■ PROBLEM DESCRIPTION ■
Only the lines from the first line of the entries through the line with "Adesivos de chuvinha de bebê urso teddy com" belong in the answer, each restated word for word and without pictures.

■ MATERIAL SUPPLIED ■

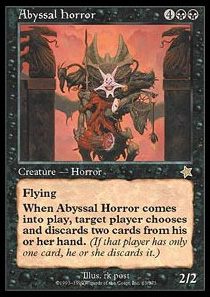 Flying When Abyssal Horror comes into play, target player discards two cards from his or her hand.
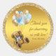 Adesivos de chuvinha de bebê urso teddy com adorável ursinho e belos balões azuis e dourados em um belo fundo dourado. Esses adesivos de chuvinha de bebê urso teddy são facilmente personalizados com o texto de sua escolha.
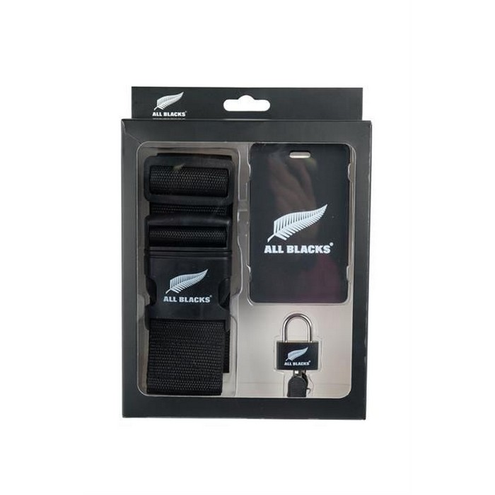 Security and easy identification is what this All Blacks Travel Set offers you. The adjustable luggage strap is made from durable nylon webbing with a quick-release buckle closure and will secure small or large bags with the 1.8m length. Attach the luggage tag to carry on or check-in items for easy identification and a stylish look. Secure cabin bags or check-in luggage with the padlock. Product Features:
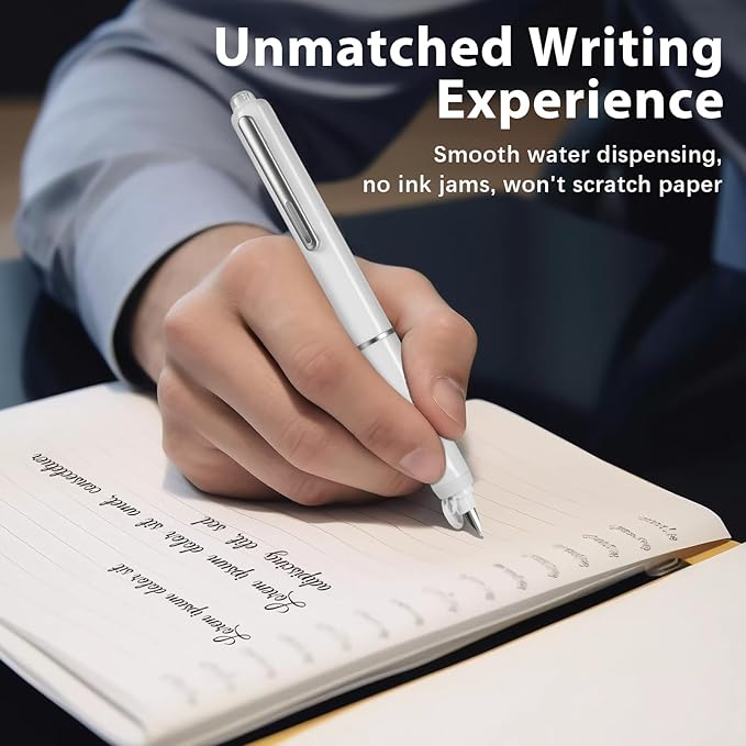 - EFFORTLESS CLICK-TO-WRITE DESIGN: Experience writing without interruption with this retractable fountain pen that opens and closes with a simple click—no cap to misplace or twist off. Perfect for quick notes or long writing sessions, this capless fountain pen combines practicality and elegance in a sleek design that feels just right in your hand.
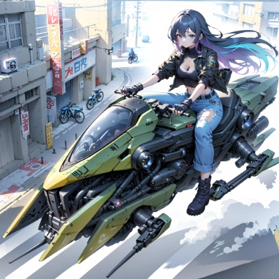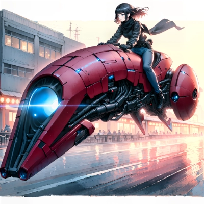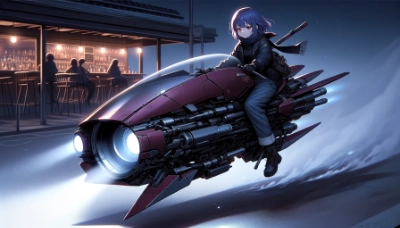 High-definition anime-style illustration of a girl riding a slender, sci-fi mechanical vehicle, similar to a flying saury but with a more angular design, viewed from a diagonal front angle. The vehicle features a narrow, elongated seat integrated into its top, creating a large concave area, with the seat occupying most of the upper surface. The overall width of the vehicle is about 50 cm, designed for easy maneuvering in tight spaces with minimal components on the sides. The scene is set in front of a bar on a winter night, with the sci-fi mechanical vehicle hovering stationary without any support like stands or landing gear. The front end tapers with a headlight. The vehicle is a dark metallic red, with some areas where the paint has chipped off. The girl is wearing denim pants, a black turtleneck, a leather rider's jacket, and a scarf for warmth. She has long blue hair tinged with purple, reaching down to her back, and is smoking a cigarette.
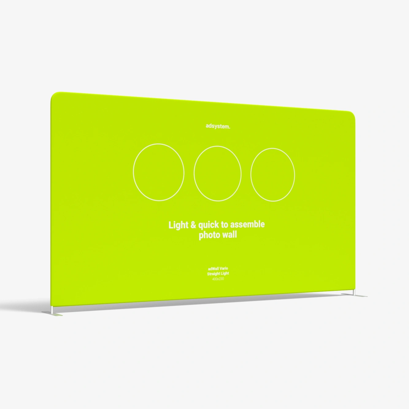 El photocall publicitario grande adWall Vario Straight Light 400 a doble cara combina diseño y funcionalidad para empresas que buscan una presencia visual sólida. Ideal para campañas de marketing, bodas, celebraciones o ferias, este sistema garantiza una presentación profesional en cualquier entorno interior.

■ WRITTEN RESPONSE ■
 Flying When Abyssal Horror comes into play, target player discards two cards from his or her hand.
 Adesivos de chuvinha de bebê urso teddy com adorável ursinho e belos balões azuis e dourados em um belo fundo dourado. Esses adesivos de chuvinha de bebê urso teddy são facilmente personalizados com o texto de sua escolha.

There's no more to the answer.